Mucho han cambiado las ciudades y las personas desde que yo era un estudiante. La televisión ha hecho que la brecha cultural entre pueblos y ciudades se haya estrechado como nunca antes. Sus pobladores nos hemos convertidos, queramos reconocerlo o no, en burgueses educados y vigilados por los poderes políticos y hasta los propios edificios han ido limpiándose en estas décadas de paz hasta convertir nuestras ciudades en hermosos escaparates impensables en aquellos tiempos. Baste ver el ejemplo de Bilbao. De ser una ciudad escondida bajo una pátina de hollín de décadas, a convertirse en el hermoso jardín del Puppy. Y sí, los europeos convertidos en masa en residentes en el país han colaborado de forma importante en ello.
Y de nuestros centros urbanos han ido desapareciendo aquellos barrios oscuros, hampones y peligrosos donde se vendía la carne (en bastante mal estado) a los hombres hambrientos de hembra. En Bilbao estaba la Palanca con sus bares oscuros, sucios y amedrentadores. En Madrid la calle Montera. Pero ese mercado carnal ha ido evolucionando junto al resto de la sociedad. Aunque quedan miles de mujeres paseando por las calles dispuestas a vender su cuerpo por unas monedas, se las ha ido echando hacia lugares más alejados de nuestra hipócrita vista y muchas de ellas han abandonado la calle para esconderse en pisos más discretos o en salas o naves poligoneras que se asemejan a grandes superficies del deseo.
En la capital mallorquina se aprecia también ese cambio. Antes sus zonas de combate estaban en pleno centro. Los más renombrados eran la Puerta de San Antonio y el Banc de S’oli (El banco del aceite). Ambas están unidas por la calle peatonal Sindicato, la cual durante el día era una zona comercial. Por la noche pasearse por allí era cosa de los bajos fondos y durante el día tampoco era trago de buen gusto pasar por las dos plazas que centralizaban el ambiente patibulario de la ciudad. Al igual que sucedió en la mayoría de las ciudades, primero fueron cambiando sus usuarias: de mujeres de la ciudad cuya necesidad les empujaba a aquel ingrato trabajo se pasó a peninsulares o de las zonas rurales. La heroína pasó a sustituir el alcohol que muchas necesitaban para llevarlo adelante. Más tarde las africanas, sudamericanas y eslavas tomaron el relevo. Y por fin, la ciudad se ha ido fagotizando y aburguesando empujándolas a ellas y sus macarras hacia zonas más apartadas y alejadas de las miradas de los hombres y mujeres “de bien”. Ojos que no ven, corazón que no sienten.
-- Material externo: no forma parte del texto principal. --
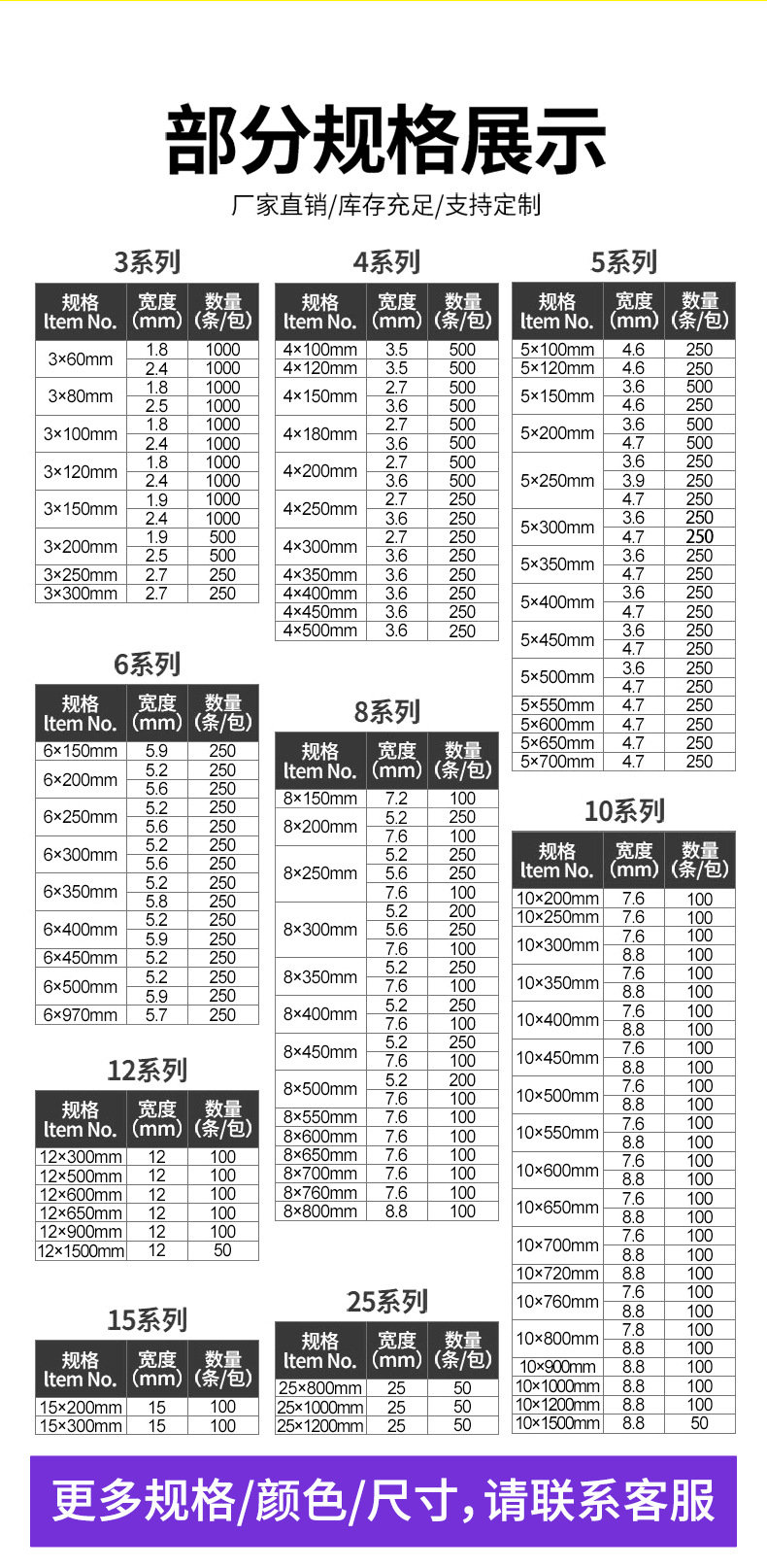 白; 4*150 国家標準 (実際の幅 3.6 mm、50 ストリップ),白; 4*200 国家標準 (実際の幅 3.6 mm、50 ストリップ),白; 4*250 国家標準 (実際の幅 3.6 mm、50 ストリップ),白; 4*300 国家標準 (実際の幅 3.6 mm、50 ストリップ),白; 5*150 国家標準 (実際の幅 4.8 mm、50 ストリップ),白; 5*200 国家標準 (実際の幅 4.8 mm、50 ストリップ),白; 5*250 国家標準 (実際の幅 4.8 mm、50 ストリップ),白; 5*300 国家標準 (実際の幅 4.8 mm、50 ストリップ),白; 5*400 国家標準 (実際の幅 4.8 mm、50 ストリップ),白; 8*150 国家標準 (実際の幅 7.6 mm、50 ストリップ),白; 8*200 国家標準 (実際の幅 7.6 mm、50 ストリップ),白; 8*250 国家標準 (実際の幅 7.6 mm、50 ストリップ),白; 8*300 国家標準 (実際の幅 7.6 mm、50 ストリップ),白; 8*400 国家標準 (実際の幅 7.6 mm、50 ストリップ),白; 8*500 国家標準 (実際の幅 7.6 mm、50 ストリップ),黒; 4*150 国家標準 (実際の幅 3.6 mm、50 ストリップ),黒; 4*200 国家標準 (実際の幅 3.6 mm、50 ストリップ),黒; 4*250 国家標準 (実際の幅 3.6 mm、50 ストリップ),黒; 4*300 国家標準 (実際の幅 3.6 mm、50 ストリップ),黒; 5*150 国家標準 (実際の幅 4.8 mm、50 ストリップ),黒; 5*200 国家標準 (実際の幅 4.8 mm、50 ストリップ),黒; 5*250 国家標準 (実際の幅 4.8 mm、50 ストリップ),黒; 5*300 国家標準 (実際の幅 4.8 mm、50 ストリップ),黒; 5*400 国家標準 (実際の幅 4.8 mm、50 ストリップ),黒; 8*150 国家標準 (実際の幅 7.6 mm、50 ストリップ),黒; 8*200 国家標準 (実際の幅 7.6 mm、50 ストリップ),黒; 8*250 国家標準 (実際の幅 7.6 mm、50 ストリップ),黒; 8*300 国家標準 (実際の幅 7.6 mm、50 ストリップ),黒; 8*400 国家標準 (実際の幅 7.6 mm、50 ストリップ),黒; 8*500 国家標準 (実際の幅 7.6 mm、50 ストリップ)

En Palma, el Banc de S’oli tenía, sin embargo, un cariz casi lírico. Situado a escasos metros de la plaza Mayor la leyenda urbana contaba que su tráfico de carne a cambio de dinero era fundamentalmente diurno, lo que no es habitual. Según me relataron en su día eso se debía las peculiaridades de la clientela que hacía uso de cada una de sus esquinas, a pesar de ser una plaza de forma redondeada. Y es que la leyenda urbana afirmaba que cuando la gente del campo “bajaba a ciutat”, que es como dicen aquí venir a la capital, Palma, después de despachar sus asuntos, (en general la compraventa de productos hortofrutícolas o ganado), existía la arraigada costumbre de acudir al Banc de S’Oli a degustar lo que allí se ofrecía con el dinero recién cobrado, como colofón a la jornada y antes de regresar a su pueblo de origen para dormir.
Pero como escribía al principio, la ciudad ha cambiado. En mis paseos matutinos paso de tanto en cuando por allí antes de las nueve de la mañana. La plaza está en pleno momento de rehabilitación, con un aspecto pulcro y su zona central alegra la vista con sus vivarachos naranjos. Parece difícil creer hoy por hoy la leyenda urbana que corría de boca en boca entre las gentes ¿respetables? de la ciudad. Sólo hay un detalle a esas horas que, como un eco lejano de un trueno, hace que creamos lo que fue. Por sus esquinas aún deambula un último residuo de aquel floreciente intercambio. Con pausados pasos va caminando una señora que dejó hace ya décadas su juventud; algo entrada en carnes y teñida de un fuerte rubio, parece negarse a reconocer que aquel tiempo ya pasó e intenta mantener un negocio del que, tengo mis dudas, pueda sacar un mínimo provecho.